Axiomata

ΑΞΙΩΜΑΤΑ

A Codex of Becoming

The gentlest lie is the one that holds you from your own becoming.

They called you glass, so you would never meet the hammer. But something in you knew: you were not made to be preserved. You were made to be struck. Metal learns its nature in fire. So do you. This is the codex of that fire.

Dedicated to my mother, Eleni, who taught me you can hold your shape while the fire still burns.

Mneme

You wake beneath rubble. Stone that should have crushed you has become shelter. Dust furs your tongue. Your hands move before your eyes open – you can't tell if they are burrowing, or clawing free.

You stayed. Pressed your spine against the stone and let the darkness learn your shape. Years passed before you knew they were years. You cradled wounds like relics, afraid they would heal without you. Then, through a crack in the masonry, a single star. Then another. Soon the whole sky pours through, patient as what will not be undone. Your hands again – before thought, before sight. Fingers find the edge of the wound, close around it, and refuse to let go.

Harmonia

An arch stands because its stones agree to fall. Each leans towards ruin, and in leaning, holds the others.

You emerged from the rubble alone. For a time, that was enough. But leaning felt like falling, and you had already fallen once. So you stripped yourself smooth, carved away every edge that caught on someone. What you called weakness was the shape where another stone could meet. Now you lean. For one breath, nothing but fall. Then the other stone catches you, and you catch it. What should have fallen stands.

Arete

You arrive unfinished. Uncast bronze. A stave before the string.

Bronze stays cold until fire finds it, and wood stays straight until the string draws its curve. Metal that never melts holds no edge. A bow unbent sends no arrow. The hammer falls. The string tightens. You do not break – you sing. The edge was in the ore. The flight, in the wood.
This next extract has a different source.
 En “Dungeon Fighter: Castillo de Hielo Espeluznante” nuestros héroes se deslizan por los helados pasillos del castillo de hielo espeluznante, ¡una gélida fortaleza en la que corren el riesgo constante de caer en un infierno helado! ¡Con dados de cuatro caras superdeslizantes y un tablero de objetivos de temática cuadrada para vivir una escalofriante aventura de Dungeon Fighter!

The voice was in you, long before the fire.

Telos

Your shape waits inside the stone. You are what the marble hides – born answer, born question, awaiting the hand steady enough to cut everything else away.

Every self you could become and every self the chisel will kill sleep in your veins. The first strike is loss. A wound that will not close. Shards scatter and the shape you were falls away. But in the pale wound, a line appears – one you could not have carved on purpose. Line becomes limb, limb becomes stance, stance becomes gaze. You stop. The gaze finds yours.

Metanoia

My iron was not my stain.

It was the blade

that cut my pattern free.

My grit was not my grief.

It was the pearl

the wound became.

My lean was not my fall.

It was the bridge

two falling stones became.

My string was not my noose.

It was the tension

that shot the arrow true.

My stone was not my tomb.

It was the arch–

and I, the weight that held.

The last grain falls

as simply as the first.

The glass stands whole.

What I carried carries on.

Epilogue

You have reached the last page of this codex – the edge of this map, where ink gives way to open water.
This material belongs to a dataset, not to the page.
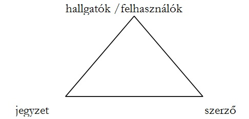 3.1. Szerzői motiváció..A fenti leírásból láthatjuk, hogy a digitális jegyzetnek mint „műfajnak” előnyei számosak, de több területen még fejlesztésre szorul annak érdekében, hogy csökkenjenek hátrányai. A felhasználók szempontjából azonban egyértelműen megállapítható: a pozitívumok dominálnak. A jegyzet – felhasználó – szerző háromszögből (lásd 2. ábra) a 2. pont alatt már két elemet érintettünk, így most a jegyzetíró motivációjára térünk rá. Korábbi próbálkozásaim számítógéppel támogatott szemináriumokon és a hallgatók pozitív visszajelzései késztettek arra, hogy digitális jegyzettel kísérletezzek. Megtapasztaltam az internet nyújtotta újszerű oktatási formákat, amikor hallgatói bíztatásra 2005 és 2009 között yahoo-oldallal támogatott nyelvészeti kurzusokon igyekeztünk kihasználni a médiumból eredő lehetőségeket (lásd URL: http://de.groups.yahoo.com/group/phraseologie/1 ). A következő határozott lépés a tananyagok digitalizációja felé az volt, hogy kezdetektől fogva élek a lehetőséggel és használom PTE CooSpace-nek nevezett elektronikus tanulási környezetét. Ezeket a platformokat arra használtam, hogy a hallgatók számára lehetővé tegyem a tananyagok letöltését, egymás produktumainak elérését. Ekkor még nem törekedtem arra, hogy a jegyzetanyagok interaktívan működjenek. Az interaktív fejlesztési lehetőséghez egy TÁMOP-pályázat nyújtott keretet (TÁMOP 412-08/1/B-2009-0003), amely elvezetett a digitális német szakmódszertani jegyzet megszületéséhez.
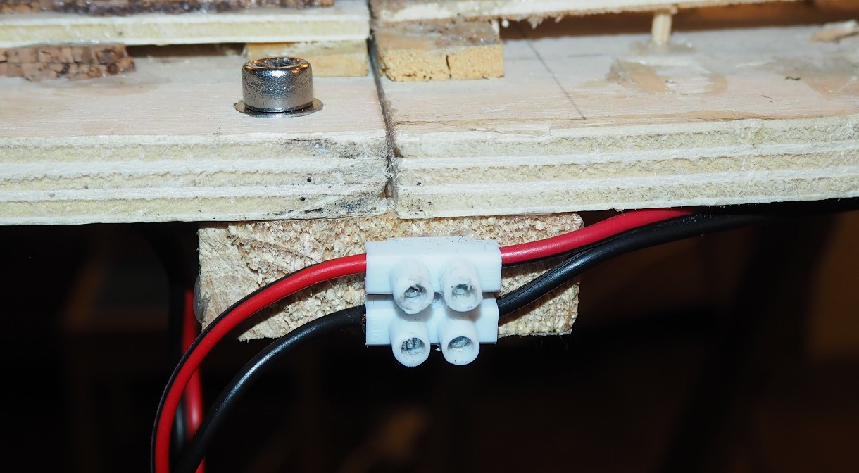 Abbiamo deciso di controllare tutti i componenti del plastico (scambi, semafori etc) da un unico punto, tuttavia per poter separare agevolmente i pannelli occorre che i collegamenti elettrici tra di essi siano ridotti al minimo e possano essere disconnessi agevolmente.

These axioms speak in metal and scar, in arch and ocean.

They were shaped by Greek stone and a mother's endurance, forged in a fire not everyone survives. They offer one angle of seeing. Not the only one.

If you walked these pages honestly, they asked something of you: to see your own story without flinching, to hold still while the truth did its work. That seeing has a cost.

But understand this: no one owes this book their pain. These axioms assume you have ground to stand on and margin to begin again. Where your body, your history, or the world holds you pinned, answer first to that weight – not to any ideal on a page.

The measure of these pages is simple: do they leave you solid enough to bear your weight without breaking yourself or those you hold?

If so, use them. Argue with them. Let them become tools in your hands.

If some never fit, trust that instinct. Not every blade belongs to every hand. And if you outgrow this framework entirely, set it down like a tool that has finished its work: with gratitude, not guilt.

These pages have succeeded if they helped you stand more truly in your own life. They have failed if they became another prison. The moment this codex feels less like a doorway and more like a locked room, do not make peace with the walls. Break them.

Beyond these pages waits the reality this ink can only point towards. The great unfinished arch. The stone only you can set.

The rest is not written. It is built.